Currently, the program just passes it, on the grounds that if he writes
"1fred?", or, more subtly, "stranger", he knows what he's doing. But there's
a case for generating warnings at least when this happens.

The other problem is that people may want to embed newlines or other control
characters in strings. So really you have to allow

<string name = "fred">"Fred\n"</string>

Now that creates problems. An automatic script generator might construct

<string name = "address">"Four score and seven years ago our fathers brought
forth on this continent a new nation, conceived in liberty, and dedicated to
the proposition that all men are created equal."<string>

expecting the output

char *address = "\"Four score ..."

strictly you should have two tags, <string> and <stringlit>. But that makes
the script files hard to write. People will forget when you use <string> and
when you use <stringlit>.

 

[BartC]

The script file is meant to be very simple, though of course technically
it
has a syntax.

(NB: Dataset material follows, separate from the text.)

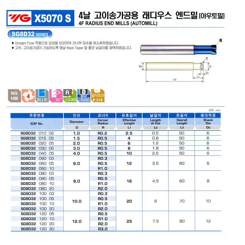 X5070 S 4³¯ °íÀ̼۰¡°ø¿ë ·¡µð¿ì½º ¿£µå¹Ð(¾Æ¿ìÅä¹Ð) SG8D32 060 05 (6.0*R0.5*12*3.5*60L) YG-1 29,520¿ø
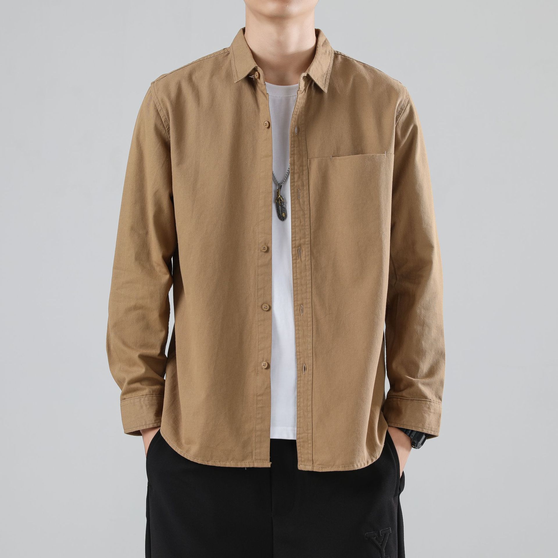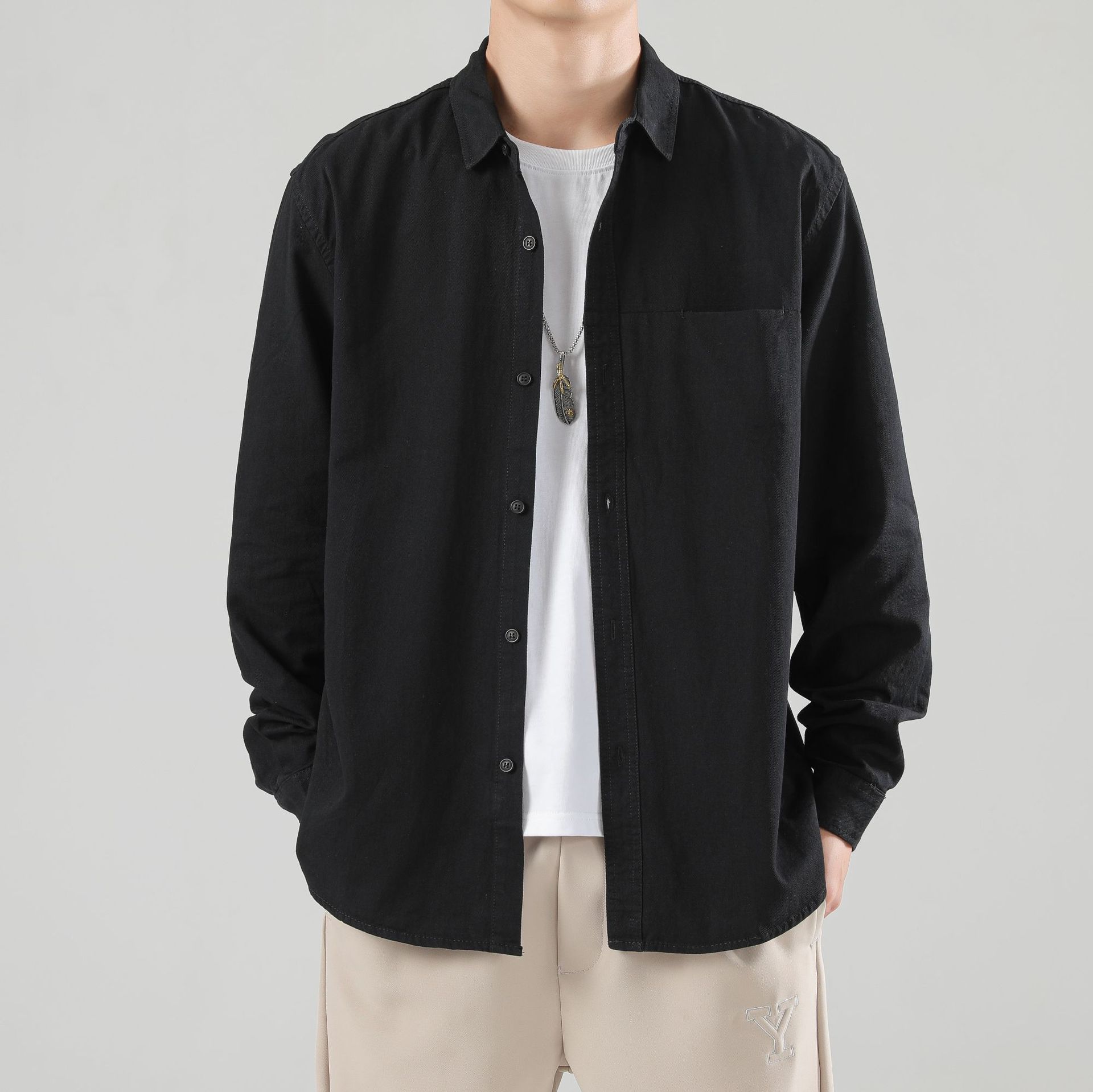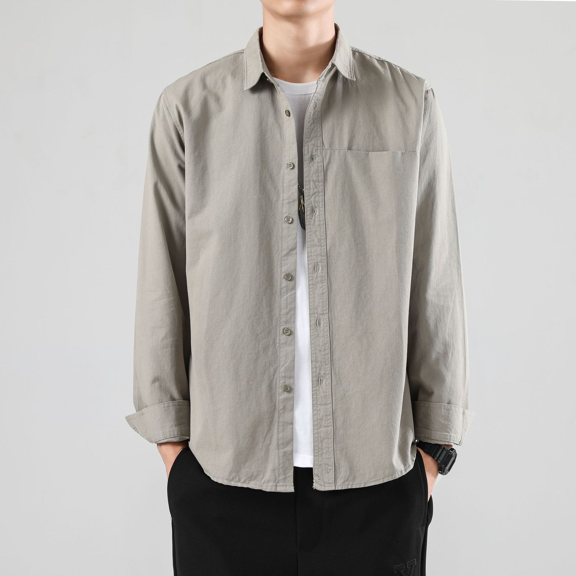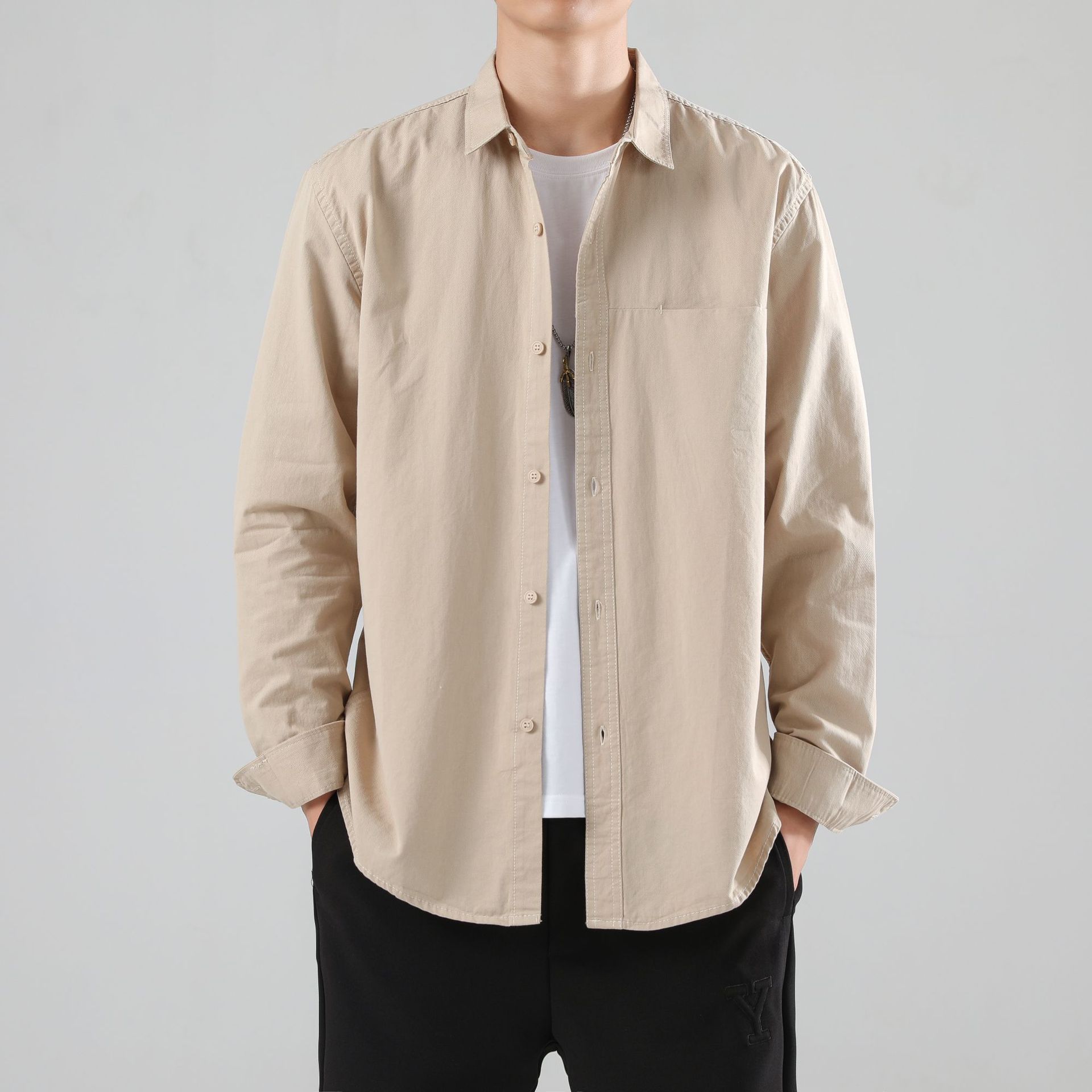 LKTM 남성 의류 # 봄 새로운 긴팔 셔츠 남성 고급 느낌 Tongqin 간단한 캐주얼 올 매치 셔츠 재킷

I don't want people constructing formal grammars for it,
it's
just a list of resources to be included in the program.

So the basic string syntax is

<string name = "fred">Fred</string>

That creates the output

char *fred = "Fred";

When I tried your validcstring() function, it seemed to need the quotes
around the string, so Fred on it's own wouldn't work. (I need to write
validcstring("\"Fred\"") rather than validcstring("Fred").)

If Fred *is* acceptable, then you are already adapting your stylised syntax
to be C compatible! That's along the lines of what I've been saying.

The other basic case is

<string name = "fred", src = "/texts/fred.txt"></string>

which pulls in the file fred.txt, converts it to a C-parseable string, and
gives it the name "fred".

What does it do with characters that need to be escape codes in the C
string? I can't imagine the entire file contents are surrounded with double
quotes, nor that new lines are denoted by \n. It should just be normal text
file.

Printing the contents of a string so that it looks like a string literal,
with special characters converted to escape codes, if something I've done
many times. So:

This
is "my" string

with an embedded newline, is displayed as "This\nis \"my\" string".

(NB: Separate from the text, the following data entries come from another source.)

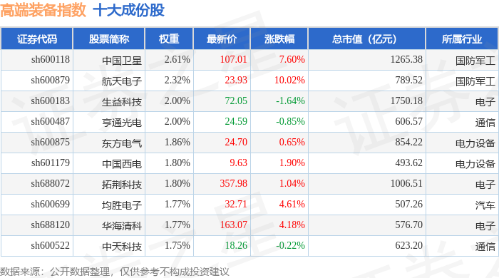 高端装备(000097)指数十大成份股详情如下: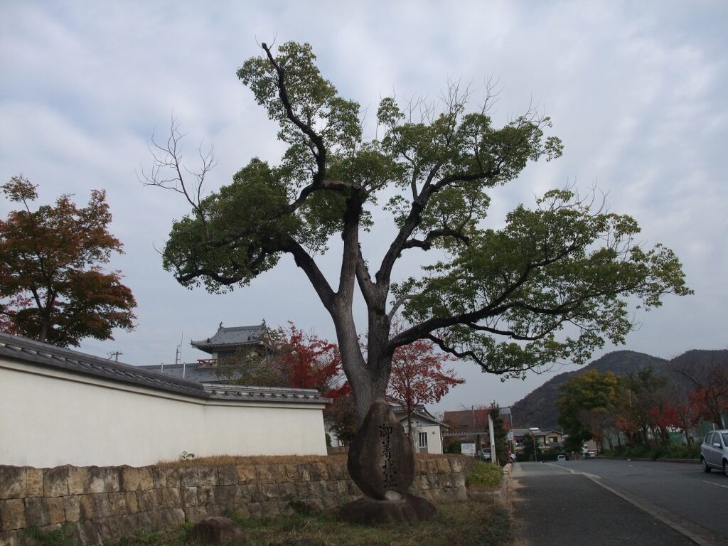 ここは御着城のあった場所である。官兵衛が家督を継ぐまで近習として仕えた小寺政職(まさもと)の居城である。「御着城址」の石碑もある。塀の上に天守閣を戴いた東出張所が見える。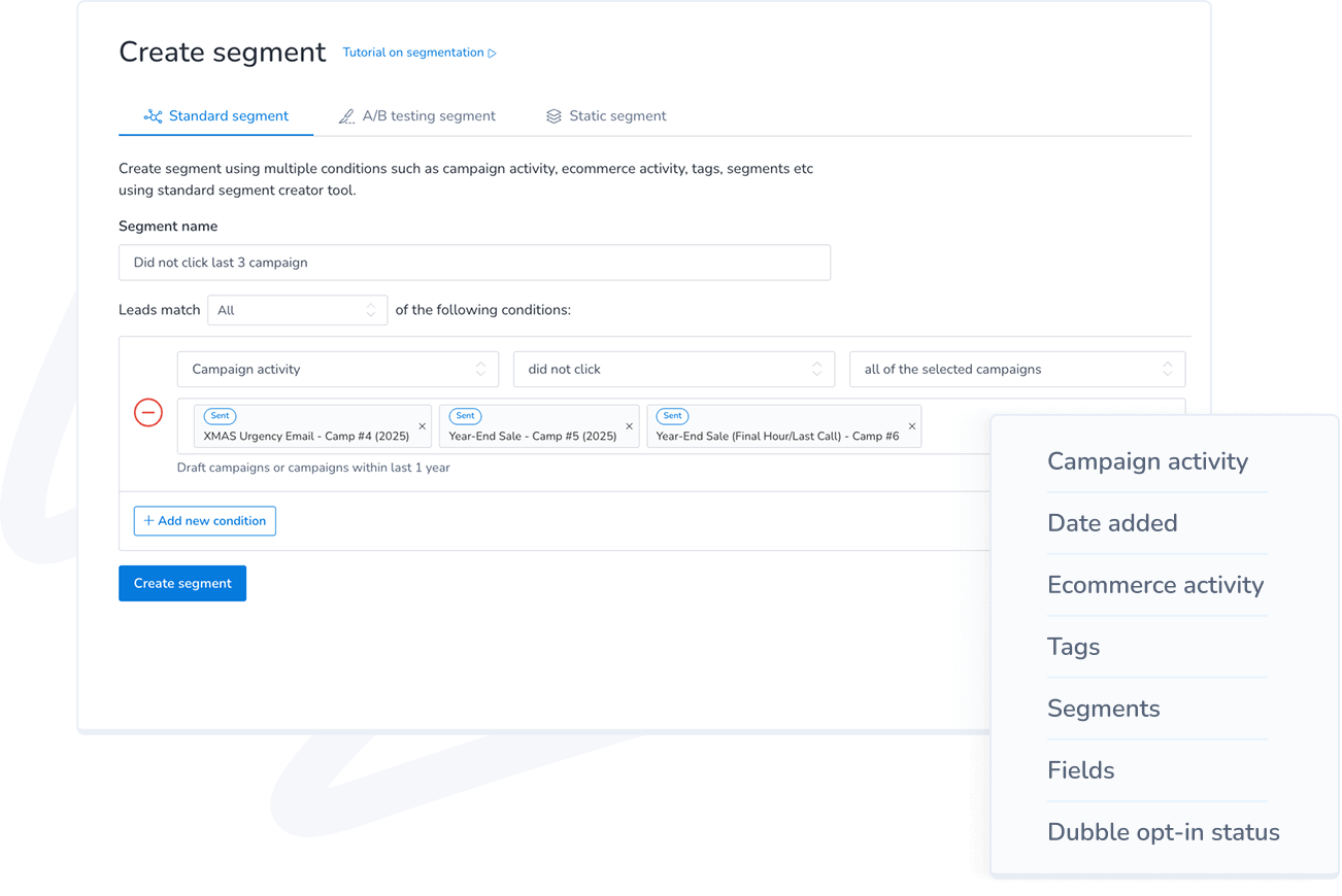 A Standard Segment is a dynamic list that automatically updates based on rules you set. For example, you can create a segment of contacts who "opened a specific campaign but did not click a link." The list changes in real-time as contacts meet (or no longer meet) the conditions.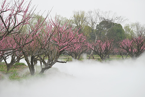 ◎ 三月五日,水霧中的梅花林。近日,浙江杭州西溪濕地梅花盛開,引諸多遊人「曲水尋梅」。(中新社記者 劉子琳 攝)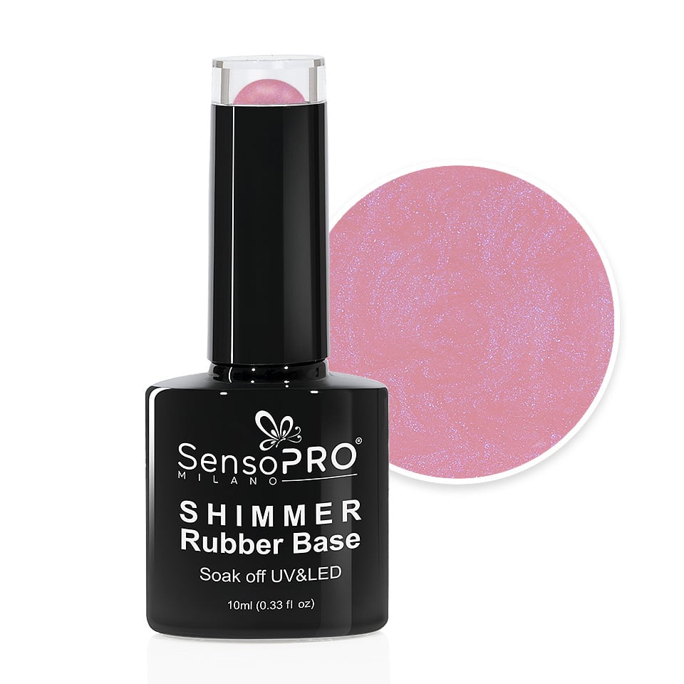 Lasa-te cucerita de cele mai fine si elegante particule de sclipici! Shimmer Rubber Base SensoPRO Milano - #14 Musical Rose Shimmer Blue, 10ml este o baza colorata, flexibila, cu o densitate ridicata ce intareste unghiile si asigura o acoperire perfecta pentru unghiile denivelate sau patate. In acelasi timp, mareste rezistenta ojei semipermanente sau gelului UV pe unghie cu pana la 6 saptamani. Fiind o baza flexibila, apexul unghiei poate fi realizat foarte usor. Apexul are rol estetic - unghii lungi si subtiri dar si practic, marind rezistenta unghiei. Shimmer Rubber Base Musical Rose contine particule fine de sclipici cu tenta de albastru si este potrivita ca si baza, dar si ca produs individual pentru manichiuri nude sau french. Mod de utilizare: 1. Curatati unghia naturala si matuiti-o cu pila buffer 2. Aplicati un strat de primer 3. Aplicati Rubber Base Gel si uscati 2 min in lampa UV sau 30 secunde in lampa LED. Daca este necesar, aplicati si un al doilea strat de Rubber Base Gel. In acest pas, puteti forma apexul unghiei. 4. Aplicati oja semipermanenta / gel UV si uscati la lampa. Pentru un efect mai intens, aplicati al doilea strat de oja si uscati. 5. Aplicati Top Coat si uscati din nou 2 min la lampa UV sau 30 secunde la lampa LED. Avantaje: - Flexibilitate mare - Aderenta perfecta - Autonivelant - Mareste rezistenta ojei semipermanente si a gelului UV - Recomandat pentru unghii subtiri, denivelate, patate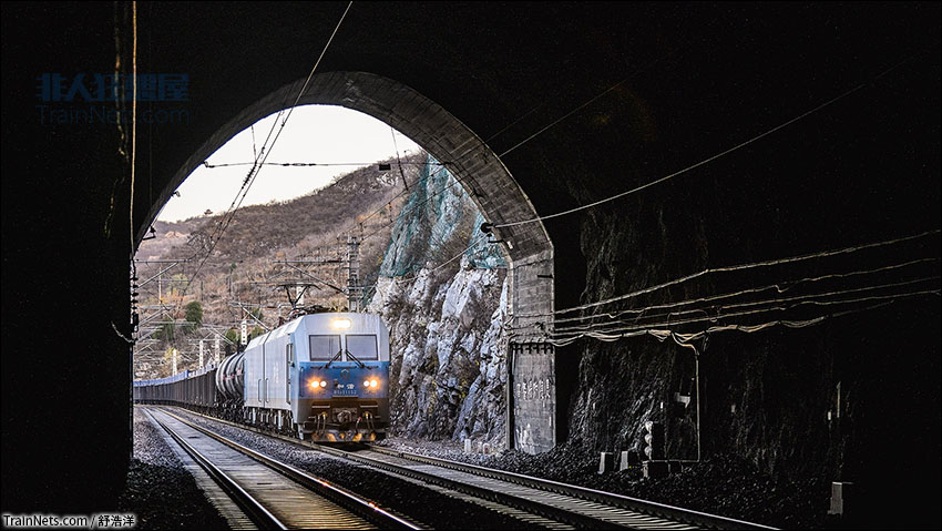 2020年11月7日。代替韶山四在丰沙线运行近一年的“蓝精灵”,牵引23547次列车驶入丰沙铁路四号隧道。

Sometimes I optionally allow string input to be quoted (in order to allow
embedded spaces for example), but then this creates a problem of whether the
quotes are to be part of the output or not; so, should:

"Fred"

be output as "Fred" or as "\"Fred\""? (Generally, the first set are quotes,
if present, are not part of the contents.)

So what should happen if the user gives a non-legal C identifer as name?
Currently, the program just passes it, on the grounds that if he writes
"1fred?", or, more subtly, "stranger", he knows what he's doing. But
there's
a case for generating warnings at least when this happens.

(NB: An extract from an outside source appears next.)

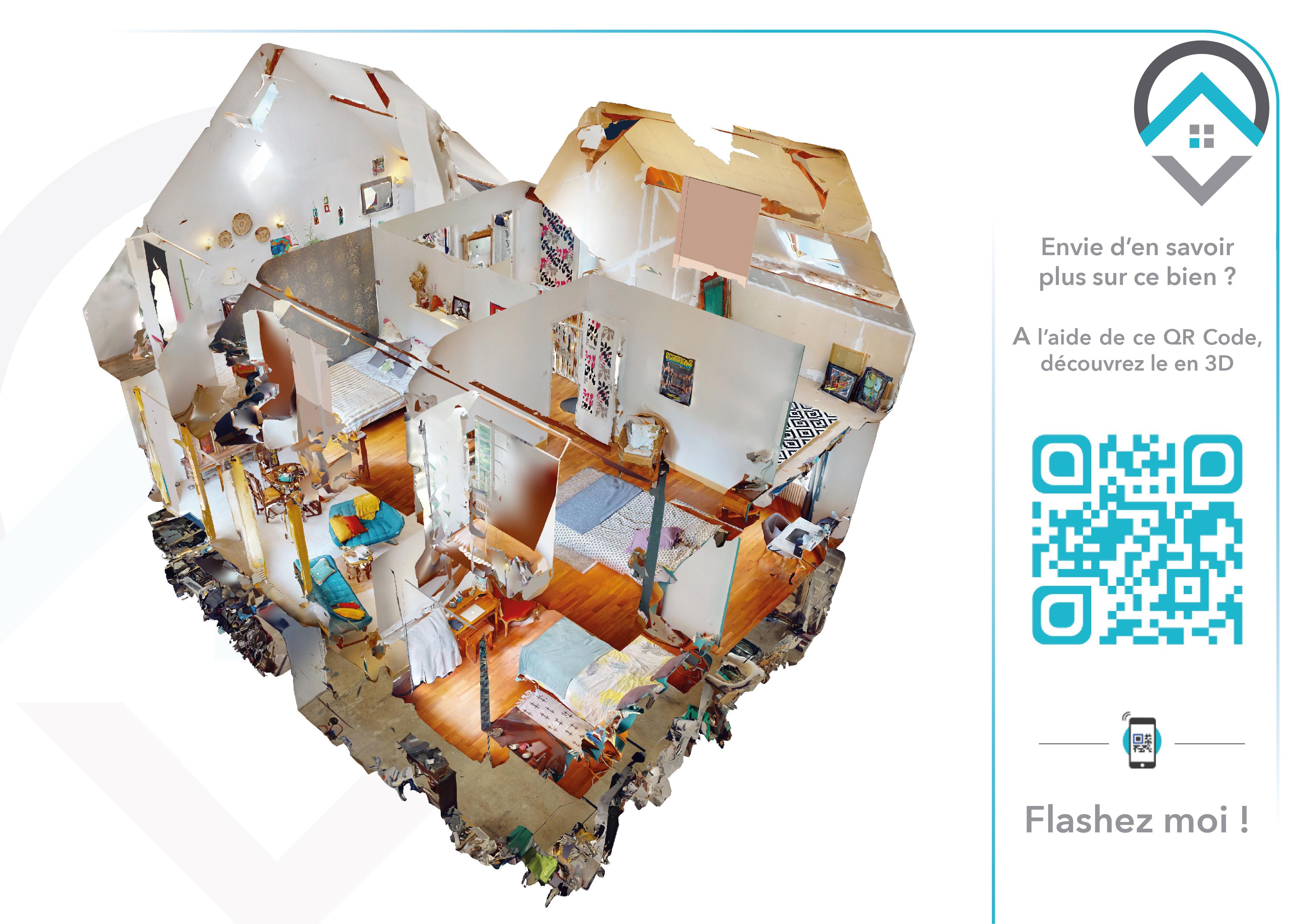 Une visite virtuelle est disponible sur demande ou en scannant le QR Code de la dernière photo.

Checking C identifiers is much simpler (unless perhaps the user wants to use
advanced techniques to create the name such as macro calls). But as you say
an error will be generated later. You might to (if you don't already) add a
comment to the generated C which refers to the line number in the input
script file, to help trace back the error.

The other problem is that people may want to embed newlines or other
control
characters in strings. So really you have to allow

<string name = "fred">"Fred\n"</string>

Now that creates problems. An automatic script generator might construct

(Now the script is generated automatically as well as the C output!)

<string name = "address">"Four score and seven years ago our fathers
brought
forth on this continent a new nation, conceived in liberty, and dedicated
to
the proposition that all men are created equal."<string>

expecting the output

char *address = "\"Four score ..."

People will prefer to write the above just as it is, without special syntax,
or perhaps to paste from another source without the tedium of converting
newlines to "\n" or splitting into multiple strings. But it's *your* script
language, and you can do what you like! Generally script languages are used
because they're simpler than writing in something like C, not just as
hard! (In fact harder, with real C syntax embedded in the script.)